Data below:
──────

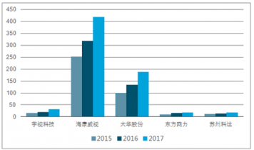宇視科技、海康威視、大華股份、東方網(wǎng)力、蘇州科達(dá)2015-2017年?duì)I收對(duì)比(單位:億元)
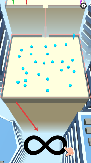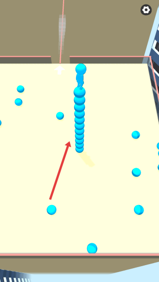 2、操控蓝色角色遍历平台,吸附散落的蓝色小球,逐步堆叠成竖直柱体。
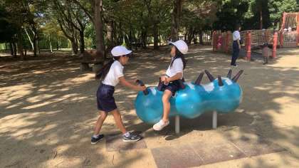 遊びの時間です。遊具で遊ぶ子や、どんぐりを探す子などみんなそれぞれたのしんでいます。
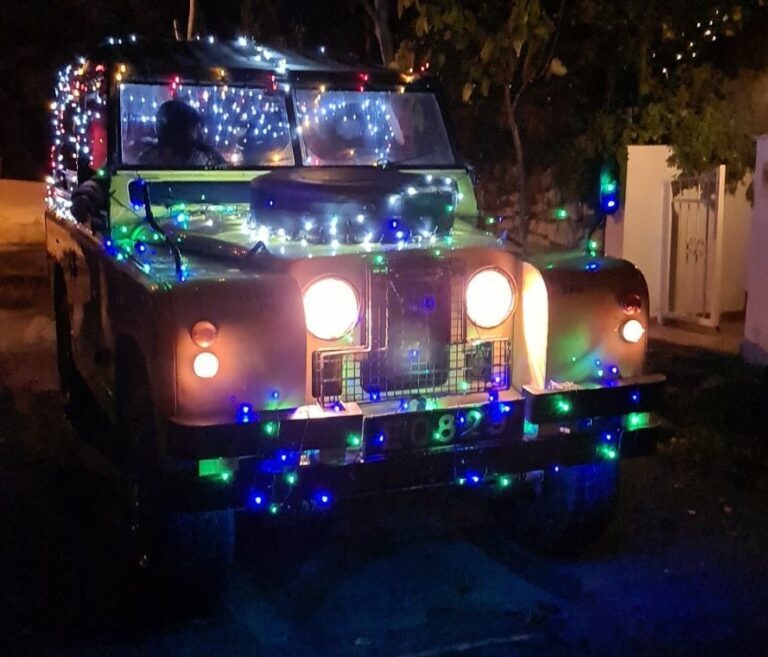 Αυτό το κλασικό Land Rover, δεν ήταν ένα από αυτά που κυκλοφορούν ακόμη στους δρόμους της κυπριακής υπαίθρου. Στολισμένο από τη μια άκρη του στην άλλη με πολύχρωμα λαμπιόνια, ξεχώριζε όταν εμφανίσθηκε στους δρόμους της Γιόλου τα Χριστούγεννα αυτά.

──────

Exercise details:
Please extract exactly the lines of the data, from the first through the line containing "遊びの時間です。遊具で遊ぶ子", and add no pictures to the copy.

Response to this task:
宇視科技、海康威視、大華股份、東方網(wǎng)力、蘇州科達(dá)2015-2017年?duì)I收對(duì)比(單位:億元)
 2、操控蓝色角色遍历平台,吸附散落的蓝色小球,逐步堆叠成竖直柱体。
 遊びの時間です。遊具で遊ぶ子や、どんぐりを探す子などみんなそれぞれたのしんでいます。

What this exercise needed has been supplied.